§ **What to do**
Beginning at the line that holds "優質面料抗水性、人體工學減壓", transcribe each line exactly through the end of the records, and leave any pictures out.

Recorded data:

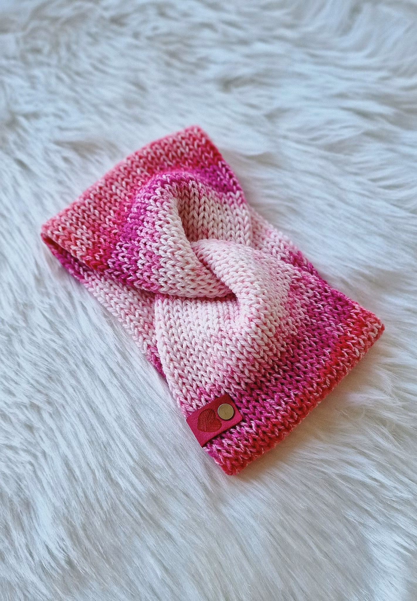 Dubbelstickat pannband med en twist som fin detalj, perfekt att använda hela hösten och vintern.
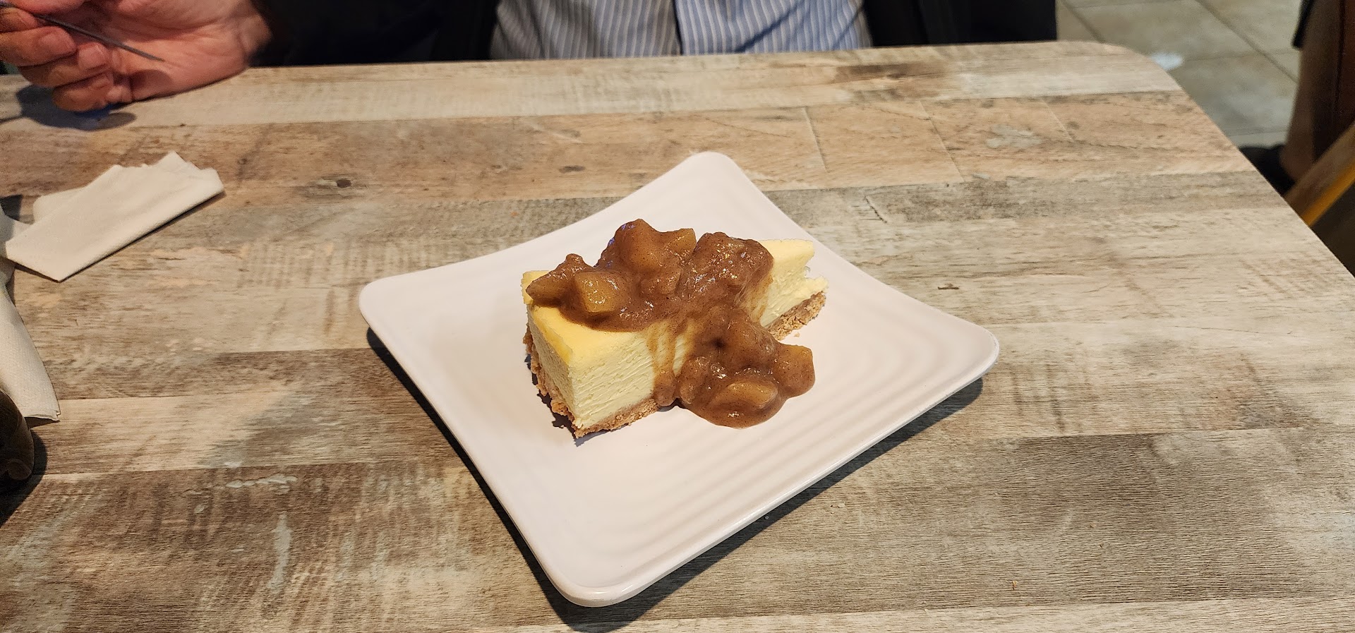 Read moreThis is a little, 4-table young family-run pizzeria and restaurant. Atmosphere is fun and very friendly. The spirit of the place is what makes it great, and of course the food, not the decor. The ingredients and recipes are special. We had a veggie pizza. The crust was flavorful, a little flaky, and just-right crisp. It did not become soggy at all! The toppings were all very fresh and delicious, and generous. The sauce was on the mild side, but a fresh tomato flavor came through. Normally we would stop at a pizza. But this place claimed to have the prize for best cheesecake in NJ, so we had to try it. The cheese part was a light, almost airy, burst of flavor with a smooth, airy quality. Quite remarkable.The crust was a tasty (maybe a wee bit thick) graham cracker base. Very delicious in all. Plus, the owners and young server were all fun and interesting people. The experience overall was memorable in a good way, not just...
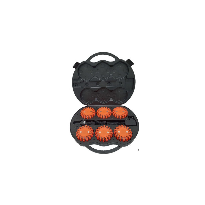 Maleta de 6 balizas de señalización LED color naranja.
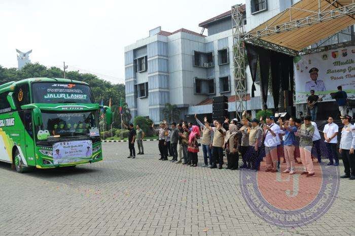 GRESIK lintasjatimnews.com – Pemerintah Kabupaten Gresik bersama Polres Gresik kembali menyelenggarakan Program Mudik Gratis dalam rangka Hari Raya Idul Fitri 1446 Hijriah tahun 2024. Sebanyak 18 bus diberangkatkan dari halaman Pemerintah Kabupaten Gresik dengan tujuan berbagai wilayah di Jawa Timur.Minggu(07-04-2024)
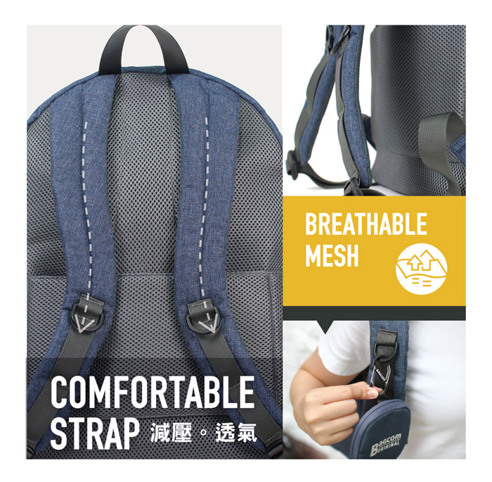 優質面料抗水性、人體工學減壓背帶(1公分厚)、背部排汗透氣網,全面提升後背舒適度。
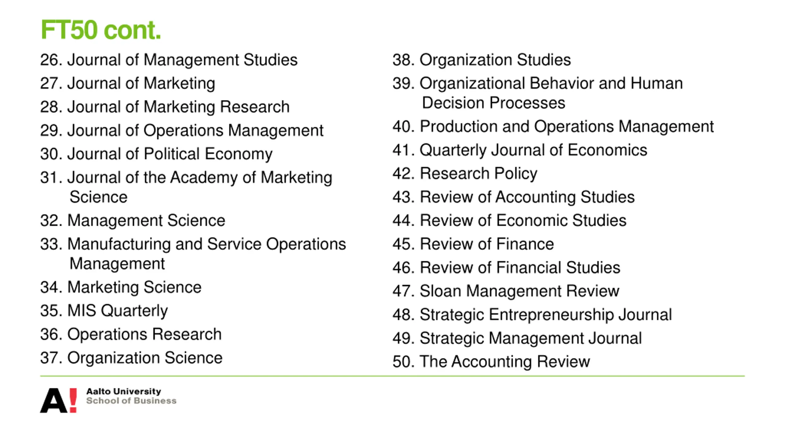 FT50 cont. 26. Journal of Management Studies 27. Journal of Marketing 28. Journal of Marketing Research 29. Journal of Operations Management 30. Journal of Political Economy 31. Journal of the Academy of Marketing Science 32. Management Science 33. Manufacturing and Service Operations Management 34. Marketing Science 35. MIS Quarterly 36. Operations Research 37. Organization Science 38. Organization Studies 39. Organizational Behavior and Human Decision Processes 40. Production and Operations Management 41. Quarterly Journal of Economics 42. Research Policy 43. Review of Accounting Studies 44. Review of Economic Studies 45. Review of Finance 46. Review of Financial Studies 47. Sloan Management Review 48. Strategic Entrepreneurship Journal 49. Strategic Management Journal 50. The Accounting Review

§ **Response below**
 優質面料抗水性、人體工學減壓背帶(1公分厚)、背部排汗透氣網,全面提升後背舒適度。
 FT50 cont. 26. Journal of Management Studies 27. Journal of Marketing 28. Journal of Marketing Research 29. Journal of Operations Management 30. Journal of Political Economy 31. Journal of the Academy of Marketing Science 32. Management Science 33. Manufacturing and Service Operations Management 34. Marketing Science 35. MIS Quarterly 36. Operations Research 37. Organization Science 38. Organization Studies 39. Organizational Behavior and Human Decision Processes 40. Production and Operations Management 41. Quarterly Journal of Economics 42. Research Policy 43. Review of Accounting Studies 44. Review of Economic Studies 45. Review of Finance 46. Review of Financial Studies 47. Sloan Management Review 48. Strategic Entrepreneurship Journal 49. Strategic Management Journal 50. The Accounting Review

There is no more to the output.